▶ [Work task]:
Word for word, copy the records and drop the pictures.

▶ [Data for review]:
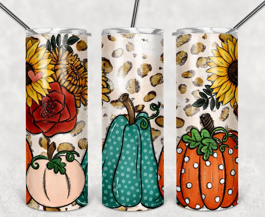 Pumpkin and Flowers with Leopard Wrap 20 oz [TUMBLER WRAP]
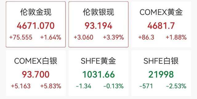 国际黄金和白银价格 1月19日均创历史新高 伦敦现货黄金价格 来源:红星新闻 一度涨破每盎司4690美元 现货白银价格 一度突破每盎司94美元 | 伦敦金现 | 伦敦银现 | COMEX黄金 | | --- | --- | --- | | 4671.070 | 93.194 | 4681.7 | | +75.555 +1.64% | +3.060 +3.39% | +86.3 +1.88% | | COMEX白银 | SHFE黄金 | SHFE自银 | | 93.700 | 1031.66 | 21998 | | +5.163 +5.83% | -1.34 -0.13% | -571 -2.53% | Wind截图 截至发稿 伦敦金现涨1.64% 报4671.07美元/盎司 伦敦银现涨3.39% 报93.194美元/盎司 COMEX黄金涨1.88% 报4681.7美元/盎司 COMEX白银涨5.83% 报93.7美元/盎司 国内黄金饰品价格对比显示 多家黄金珠宝品牌公布的 境内足金首饰价格大涨: 老凤祥报价1456元/克 老庙黄金报价1459元/克 周生生报价1451元/克 你没听错 就是被戏称为"破铜烂铁" ...
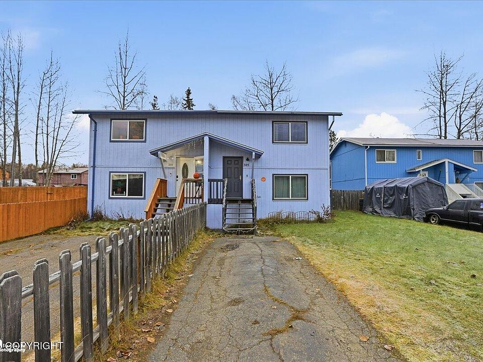 Welcome to this charming two-bedroom, one-and-a-half-bath home tucked away on a quiet street in Northeast Anchorage. This cozy residence offers a comfortable layout with an open living and dining area that flows naturally into the kitchen, perfect for everyday living or entertaining. Upstairs, you'll find two spacious bedrooms and a full bath, providing ample room for rest and relaxation. The half bath on the main level adds convenience for guests. Outside, enjoy a private, fenced backyard with plenty of space for gatherings, pets, or gardening. A dedicated parking area and storage shed provide additional functionality and ease. Located just minutes from Tikahtnu Commons, JBER access, and a variety of shops, schools, and restaurants, this home combines comfort and convenience in a peaceful neighborhood setting.
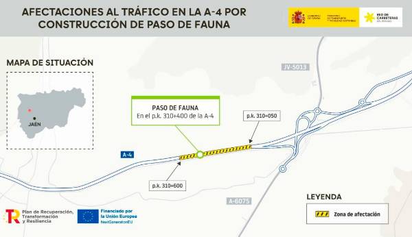 Durante dichas afectaciones se llevarán a cabo los trabajos necesarios para la construcción de un paso inferior bajo la autovia A-4 en el kilómetro 310,4 mediante excavación de las calzadas, colocación de marcos prefabricados, posterior reconstrucción de los terraplenes de la autovía y del firme, así como señalización y demás elementos funcionales afectados. Las obras de mejora de la seguridad vial en relación con fauna en la provincia de Jaén (en las autovias A-4, A-32 y A-44, y en la carretera N-323) cuentan en su totalidad cuenta con un presupuesto vigente de 15.495.292 euros (IVA incluido). De ellos, 731.480 euros se destinarán a este paso inferior en la A-4, que tiene por objeto favorecer el paso de fauna existente en la zona a través de la autovía, favoreciendo la permeabilidad de la infraestructura, evitando atropellos de animales y mejorando la seguridad vial.
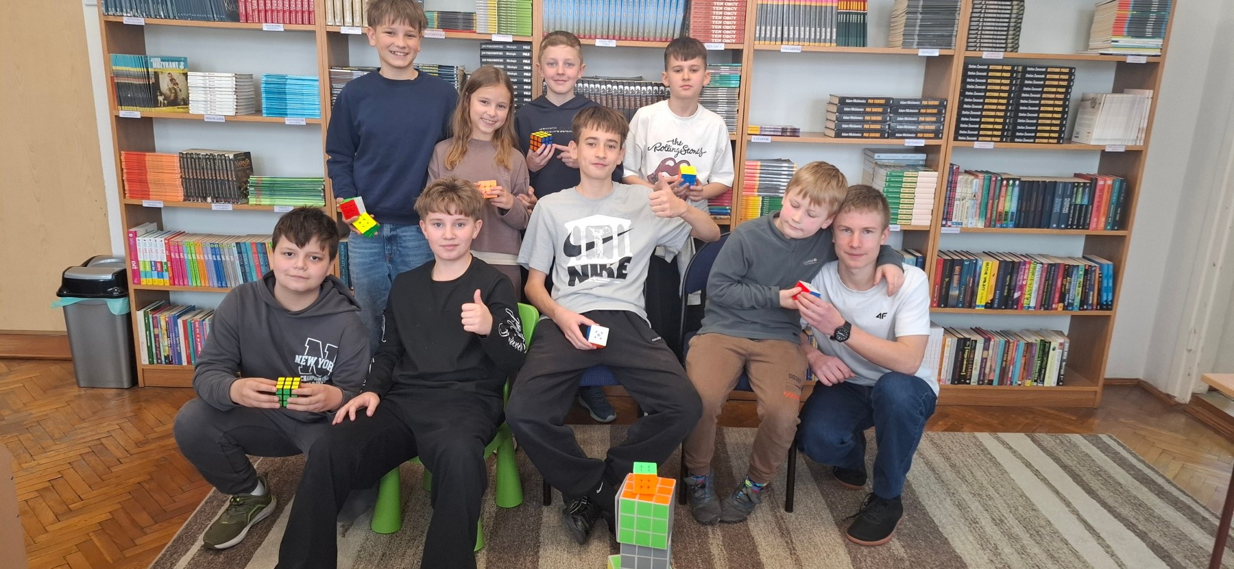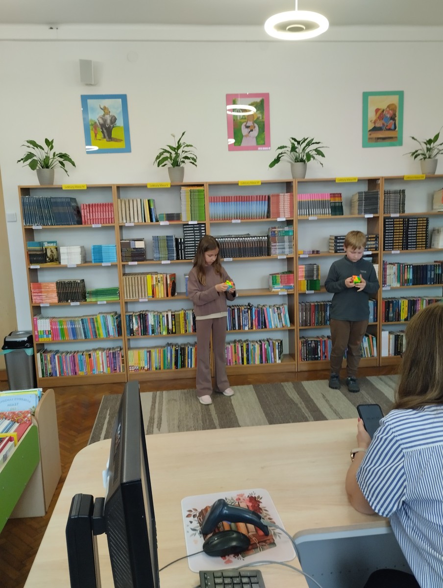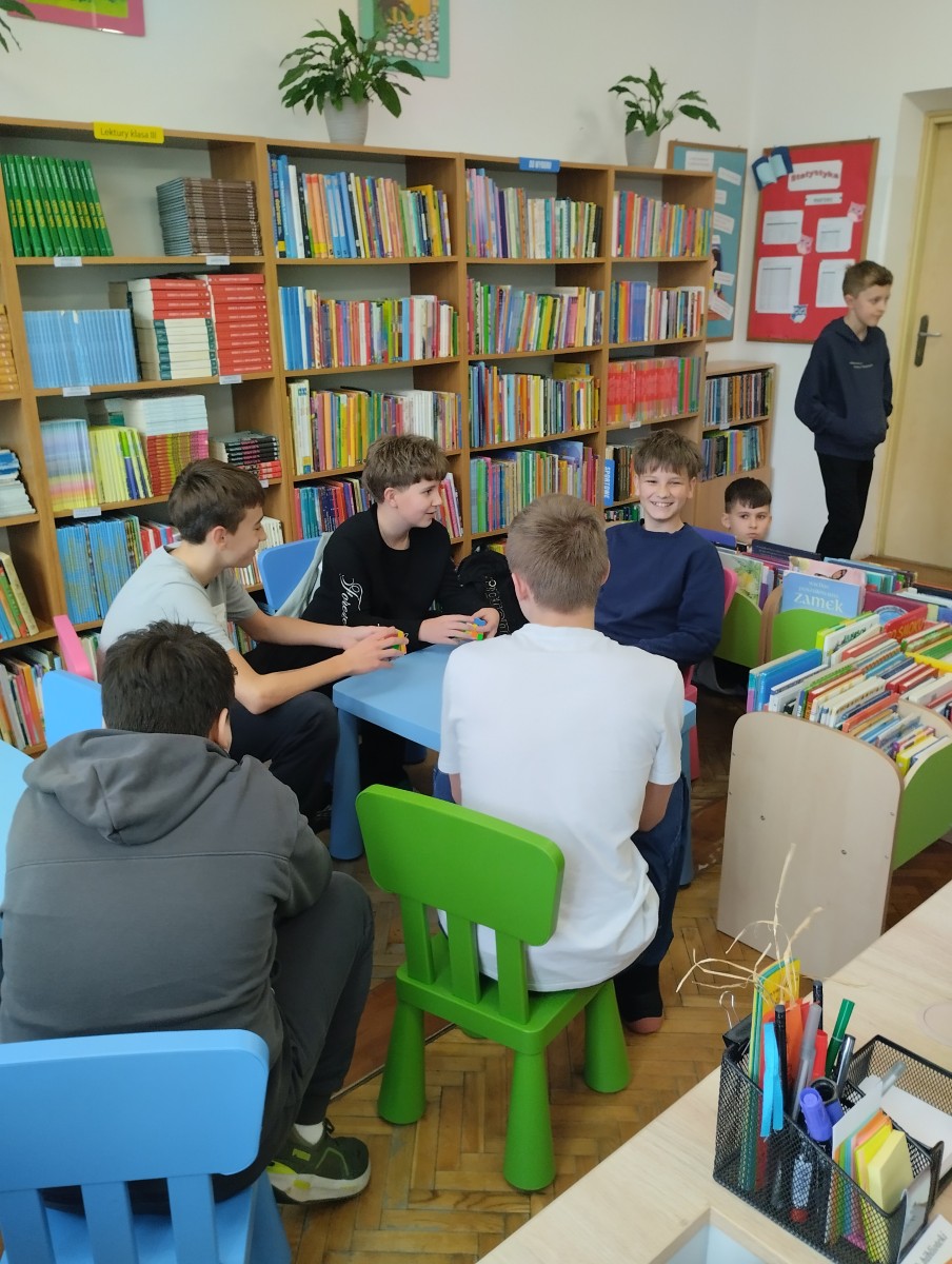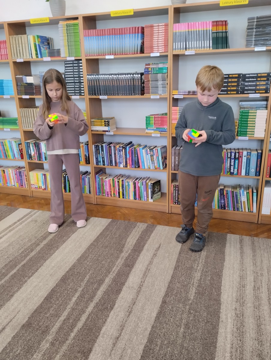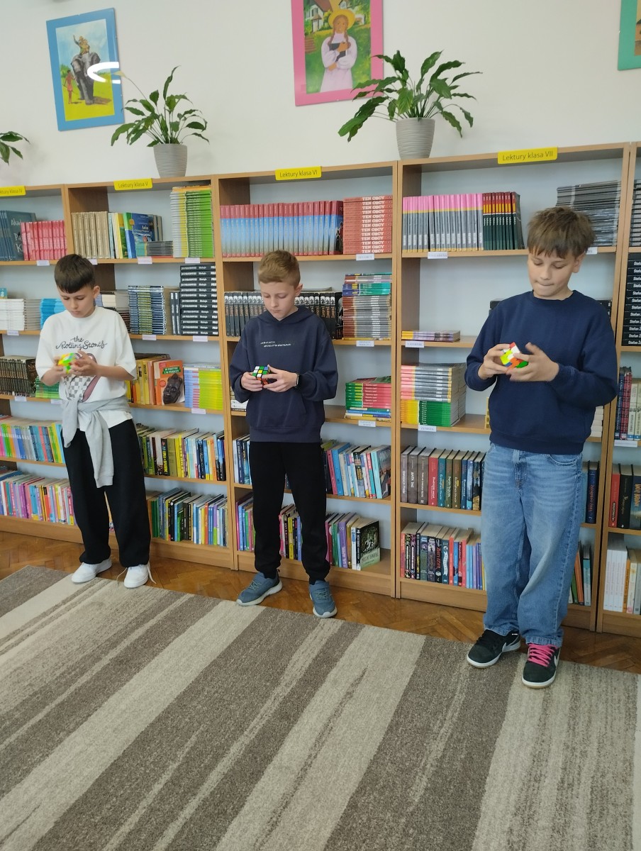 17 kwietnia w bibliotece szkolnej odbyła się kolejna edycja turnieju układania kostki Rubika na czas skierowana do uczniów klas I–VIII. Wydarzenie cieszyło się dużym zainteresowaniem, zarówno wśród najmłodszych, którzy dopiero rozpoczynają swoją przygodę z logicznymi łamigłówkami, jak i starszych uczniów, którzy doskonalą swoje umiejętności. Celem turnieju było nie tylko wyłonienie najszybszych zawodników, ale także rozwijanie logicznego myślenia, cierpliwości oraz zdrowej rywalizacji. Uczestnicy mieli okazję zaprezentować swoje techniki układania kostki, a także wymienić się doświadczeniami.
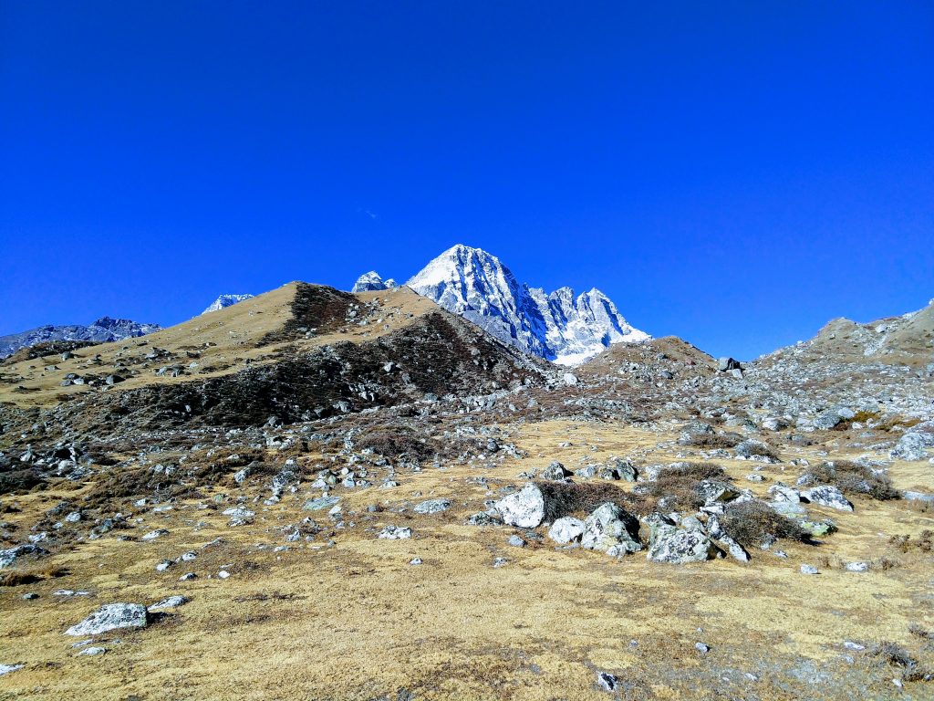 そして右側の雪山が世界第6位の高峰チョ・オユー Cho Oyu(8201m)です。8000mの中ではもっとも登りやすい山の一つとされています。

▶ [Response to the task]:
 Pumpkin and Flowers with Leopard Wrap 20 oz [TUMBLER WRAP]
 国际黄金和白银价格 1月19日均创历史新高 伦敦现货黄金价格 来源:红星新闻 一度涨破每盎司4690美元 现货白银价格 一度突破每盎司94美元 | 伦敦金现 | 伦敦银现 | COMEX黄金 | | --- | --- | --- | | 4671.070 | 93.194 | 4681.7 | | +75.555 +1.64% | +3.060 +3.39% | +86.3 +1.88% | | COMEX白银 | SHFE黄金 | SHFE自银 | | 93.700 | 1031.66 | 21998 | | +5.163 +5.83% | -1.34 -0.13% | -571 -2.53% | Wind截图 截至发稿 伦敦金现涨1.64% 报4671.07美元/盎司 伦敦银现涨3.39% 报93.194美元/盎司 COMEX黄金涨1.88% 报4681.7美元/盎司 COMEX白银涨5.83% 报93.7美元/盎司 国内黄金饰品价格对比显示 多家黄金珠宝品牌公布的 境内足金首饰价格大涨: 老凤祥报价1456元/克 老庙黄金报价1459元/克 周生生报价1451元/克 你没听错 就是被戏称为"破铜烂铁" ...
 Welcome to this charming two-bedroom, one-and-a-half-bath home tucked away on a quiet street in Northeast Anchorage. This cozy residence offers a comfortable layout with an open living and dining area that flows naturally into the kitchen, perfect for everyday living or entertaining. Upstairs, you'll find two spacious bedrooms and a full bath, providing ample room for rest and relaxation. The half bath on the main level adds convenience for guests. Outside, enjoy a private, fenced backyard with plenty of space for gatherings, pets, or gardening. A dedicated parking area and storage shed provide additional functionality and ease. Located just minutes from Tikahtnu Commons, JBER access, and a variety of shops, schools, and restaurants, this home combines comfort and convenience in a peaceful neighborhood setting.
 Durante dichas afectaciones se llevarán a cabo los trabajos necesarios para la construcción de un paso inferior bajo la autovia A-4 en el kilómetro 310,4 mediante excavación de las calzadas, colocación de marcos prefabricados, posterior reconstrucción de los terraplenes de la autovía y del firme, así como señalización y demás elementos funcionales afectados. Las obras de mejora de la seguridad vial en relación con fauna en la provincia de Jaén (en las autovias A-4, A-32 y A-44, y en la carretera N-323) cuentan en su totalidad cuenta con un presupuesto vigente de 15.495.292 euros (IVA incluido). De ellos, 731.480 euros se destinarán a este paso inferior en la A-4, que tiene por objeto favorecer el paso de fauna existente en la zona a través de la autovía, favoreciendo la permeabilidad de la infraestructura, evitando atropellos de animales y mejorando la seguridad vial.
 17 kwietnia w bibliotece szkolnej odbyła się kolejna edycja turnieju układania kostki Rubika na czas skierowana do uczniów klas I–VIII. Wydarzenie cieszyło się dużym zainteresowaniem, zarówno wśród najmłodszych, którzy dopiero rozpoczynają swoją przygodę z logicznymi łamigłówkami, jak i starszych uczniów, którzy doskonalą swoje umiejętności. Celem turnieju było nie tylko wyłonienie najszybszych zawodników, ale także rozwijanie logicznego myślenia, cierpliwości oraz zdrowej rywalizacji. Uczestnicy mieli okazję zaprezentować swoje techniki układania kostki, a także wymienić się doświadczeniami.
 そして右側の雪山が世界第6位の高峰チョ・オユー Cho Oyu(8201m)です。8000mの中ではもっとも登りやすい山の一つとされています。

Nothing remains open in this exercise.